(Stored entries)

******************************

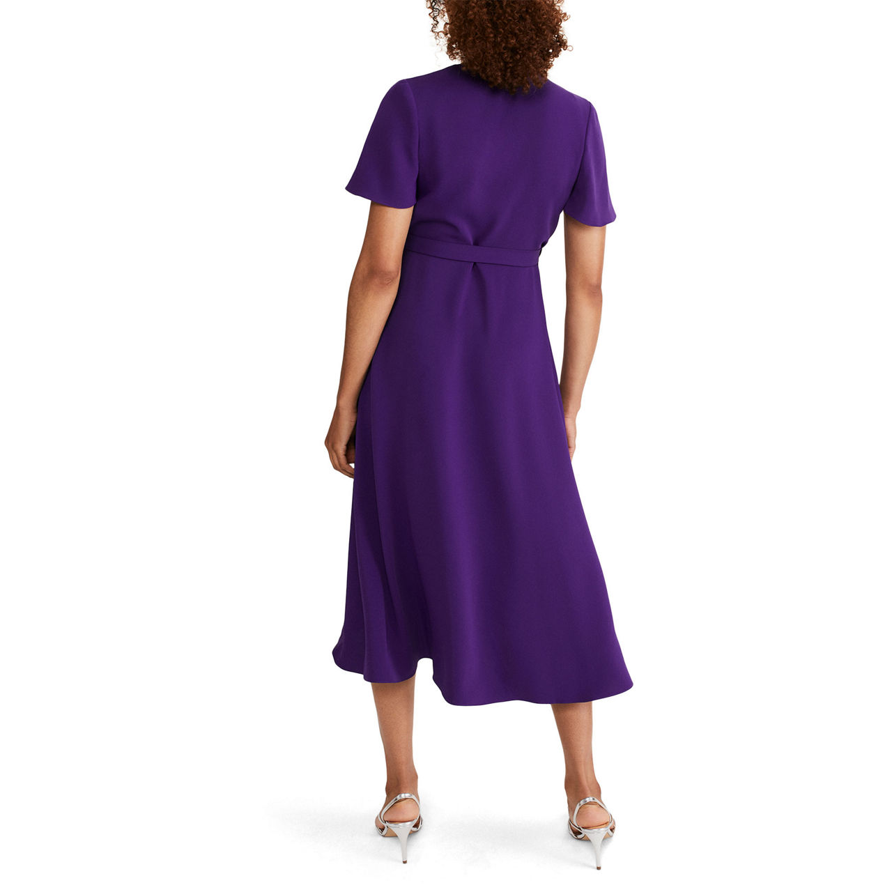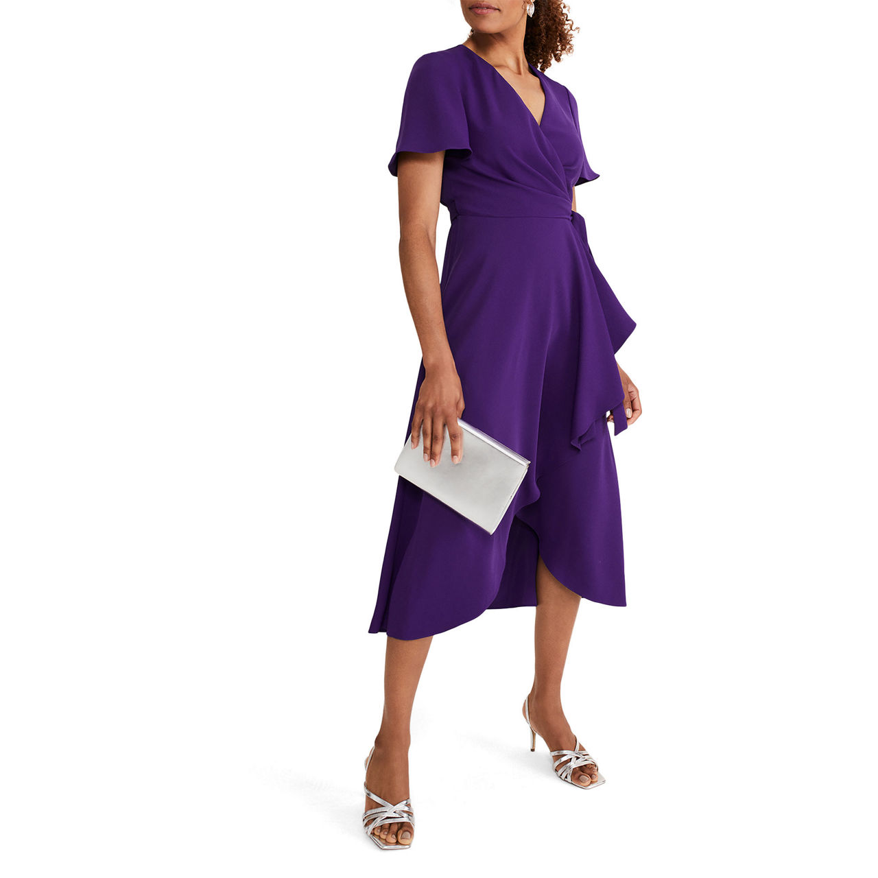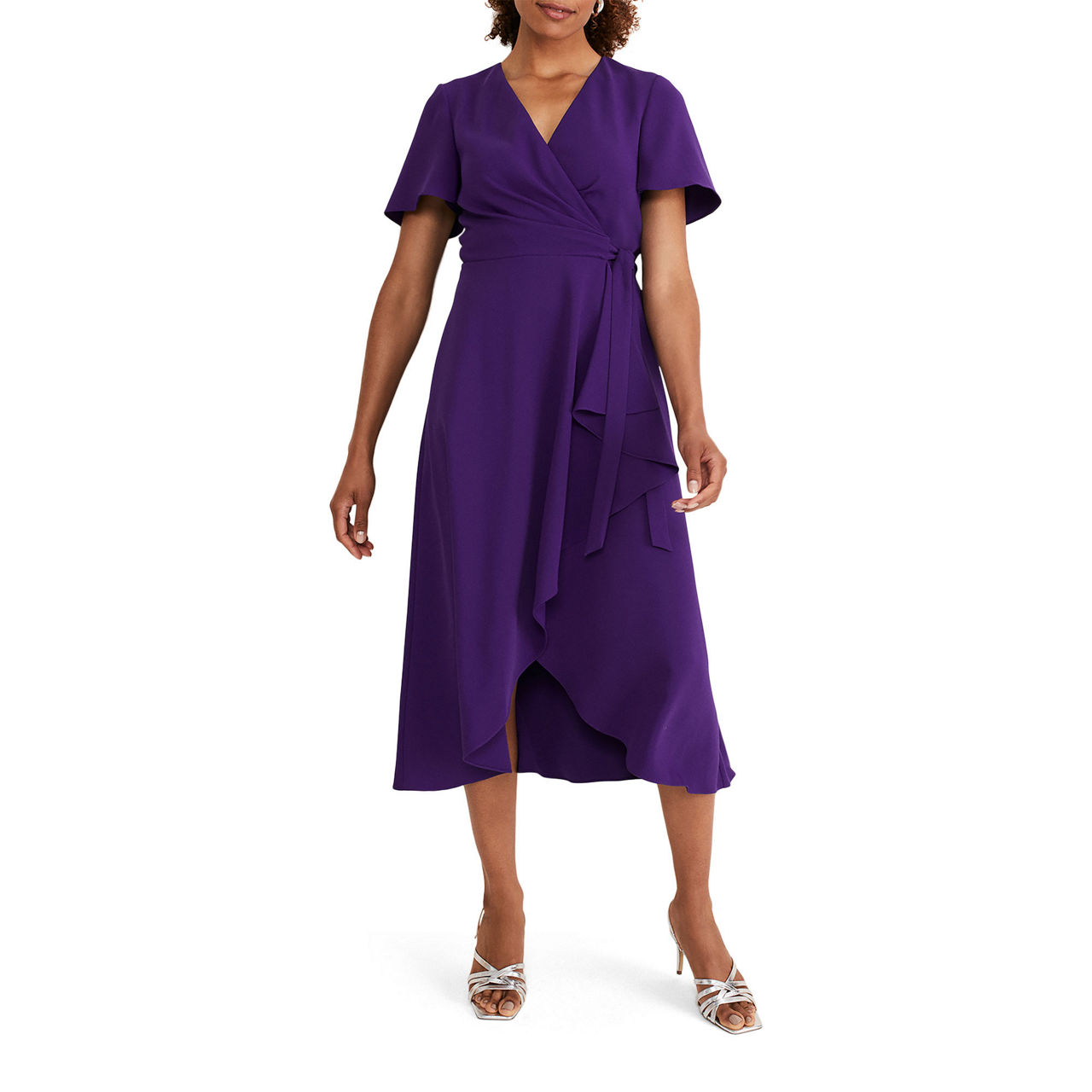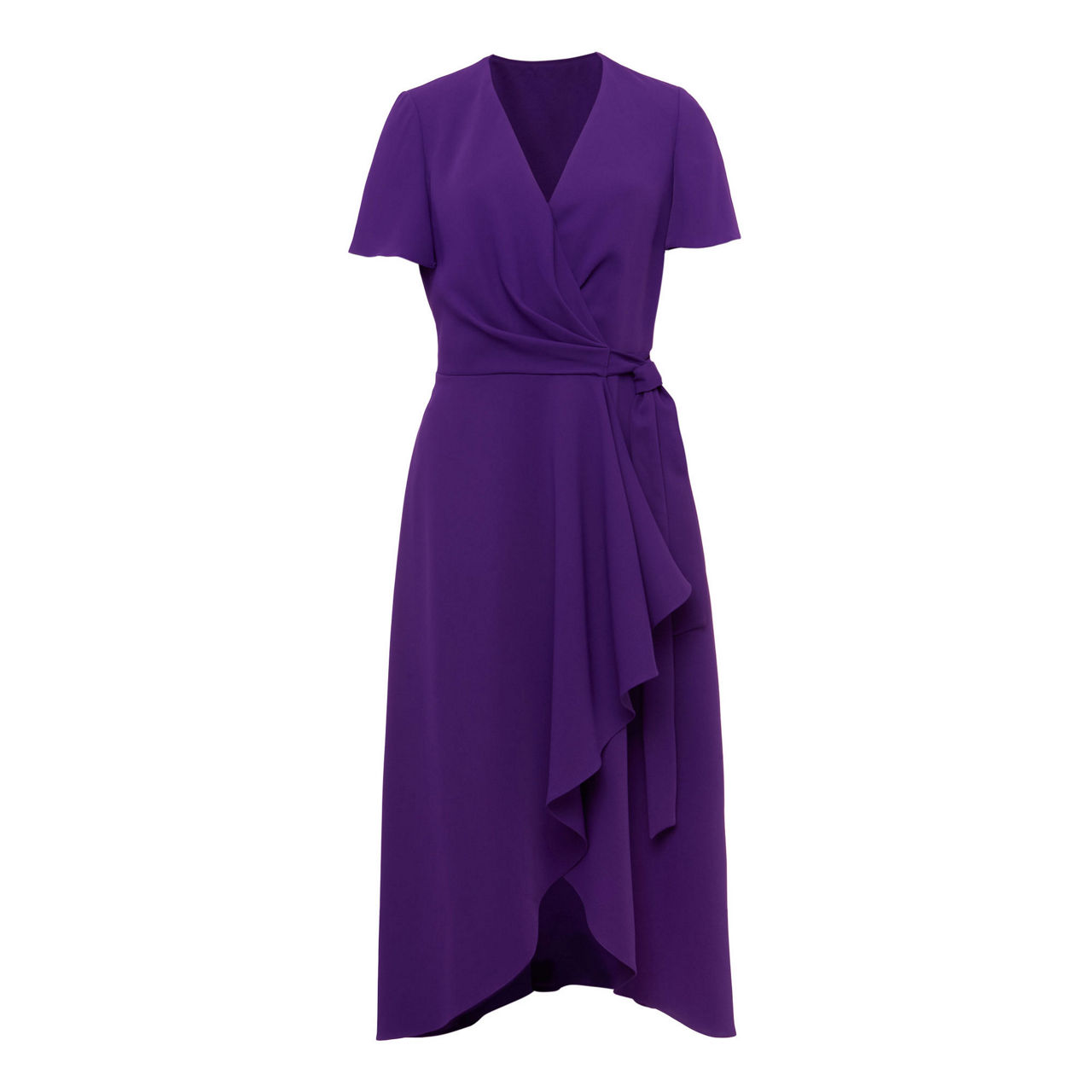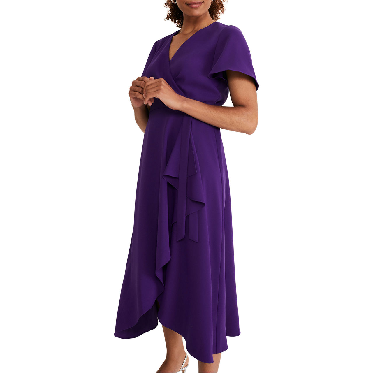 - V-neckline, wrap style, tie waist, short fluted sleeves, waterfall hem.
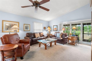 Discover resort-style Florida living in this 2BR/2BA home with an enclosed Florida room, perfectly set along the lush fairways of the Heritage Ridge Golf Course in desirable Hobe Sound. This inviting, move-in ready residence offers a light-filled, open-concept feel with soaring ceilings and a comfortable, spacious layout. The generous kitchen is both stylish and functional, featuring stainless steel appliances, granite countertops, warm wood cabinetry, and ample prep space—ideal for casual meals or entertaining guests. The oversized primary suite provides a relaxing escape with abundant closet storage and a private en-suite bath. Step outside to enjoy tranquil golf course views and gentle breezes from the screened porch, plus the rare benefit of a fully fenced patio—this is the only unit in the community offering this added privacy. Key improvements include new impact windows and doors and a newer roof for peace of mind. Heritage Ridge residents enjoy access to golf, tennis, a community pool, and more. Conveniently located near Hobe Sound’s beaches, Jonathan Dickinson State Park, waterfront dining, and charming local shops—this home delivers the perfect blend of serenity, convenience, and coastal lifestyle. Enjoy morning coffee, sunset skies, and the easygoing charm of golf course living. A rare find in a beautifully maintained community! Schedule your private showing today. All information deemed reliable but not guaranteed. All measurements are approximate.
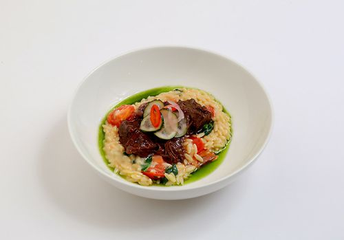Орзо с говяжьими щечками
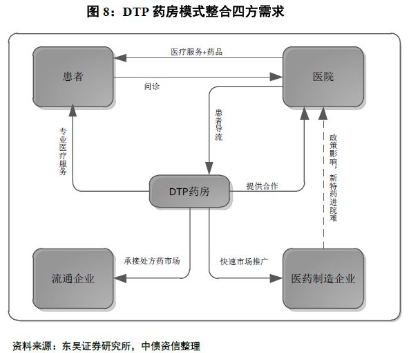 1、DTP药房模式即药店获得制药企业产品经销权,患者在医院获得处方后从药房直接购买药品并获得专业指导与服务的模式。区别于以出售OTC药品为主的传统零售药店,DTP药房主要销售高毛利专利药物、新特药、自费药等,并配备执业药师提供专业指导意见及服务,是零售药店的进阶模式。DTP药房完整串联了供给端(制药企业)、处方端(医院)以及需求端(患者),是未来医药处方外流的主要承载主体,成为药品流通过程中的重要角色。
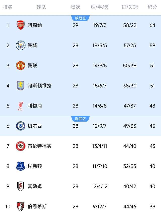 英超一共38輪,還剩最後10輪!沖刺階段的英超聯賽勢必將展開更激烈的競爭。而尤其是在歐冠區域。目前,阿森納多賽一場64分穩居第一,曼城59分緊隨其後。曼聯沖到第3,和阿斯頓維拉同積51分。利物浦、切爾西位列第5、第6,對於前四的爭奪來看,紅軍和藍軍有些掉隊的感覺。
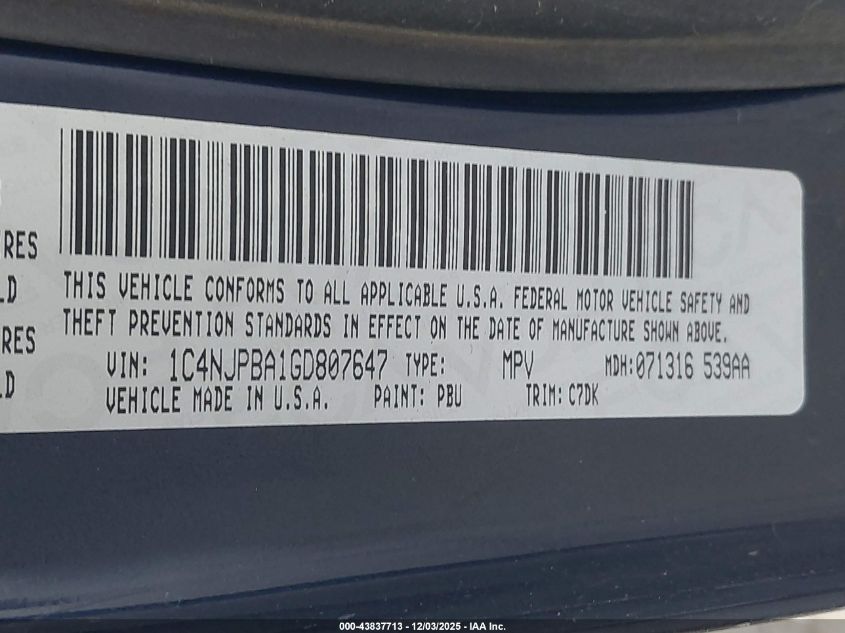 2016 JEEP PATRIOT 2016 року Бензин, 2.0, Передній привід, vin - 1C4NJPBA1GD807647 з США
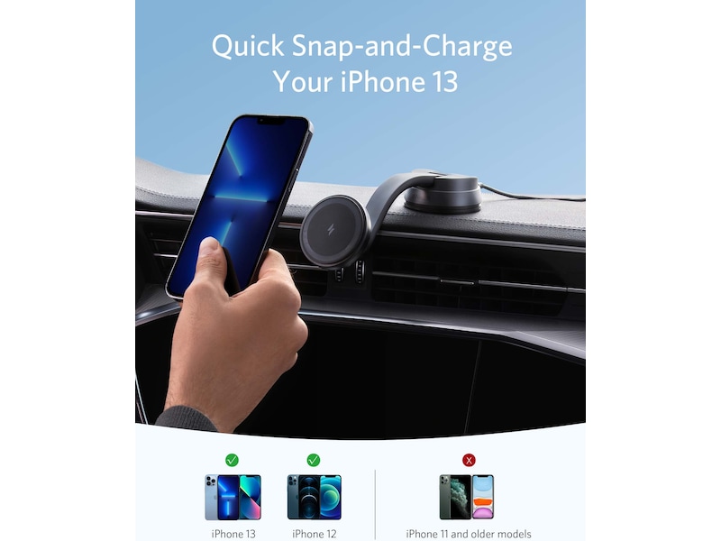 Håll bara din iPhone 13/12 över den magnetiska ytan och se hur den omedelbart snäpper fast på plats tack vare de superstarka magneterna, så är du redo att köra.
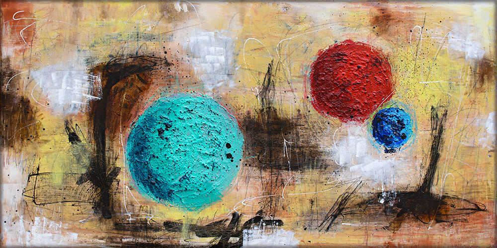 Farvepaletten er centreret omkring varme og jordnære brune nuancer, som danner fundamentet for billedets atmosfære. Disse toner er smukt suppleret med indslag af rød og turkis, der bringer liv og kontrast til værket. De skarpe farvespring blander sig med bløde overgange, så maleriet får en naturlig rytme og dybde. Farvesammensætningen skaber et afbalanceret og samtidig overraskende udtryk, der kan fungere som et æstetisk fokuspunkt i både stue, kontor eller entré.
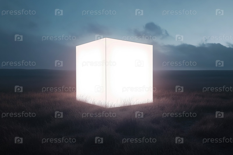 Светящийся куб, освещающий травянистое поле во время сумерек с таинственной атмосферой

******************************

(Work required) Return the lines from the one containing "Håll bara din" through the last line of the records, both included, exactly as written and with no pictures.

(Exercise result)
 Håll bara din iPhone 13/12 över den magnetiska ytan och se hur den omedelbart snäpper fast på plats tack vare de superstarka magneterna, så är du redo att köra.
 Farvepaletten er centreret omkring varme og jordnære brune nuancer, som danner fundamentet for billedets atmosfære. Disse toner er smukt suppleret med indslag af rød og turkis, der bringer liv og kontrast til værket. De skarpe farvespring blander sig med bløde overgange, så maleriet får en naturlig rytme og dybde. Farvesammensætningen skaber et afbalanceret og samtidig overraskende udtryk, der kan fungere som et æstetisk fokuspunkt i både stue, kontor eller entré.
 Светящийся куб, освещающий травянистое поле во время сумерек с таинственной атмосферой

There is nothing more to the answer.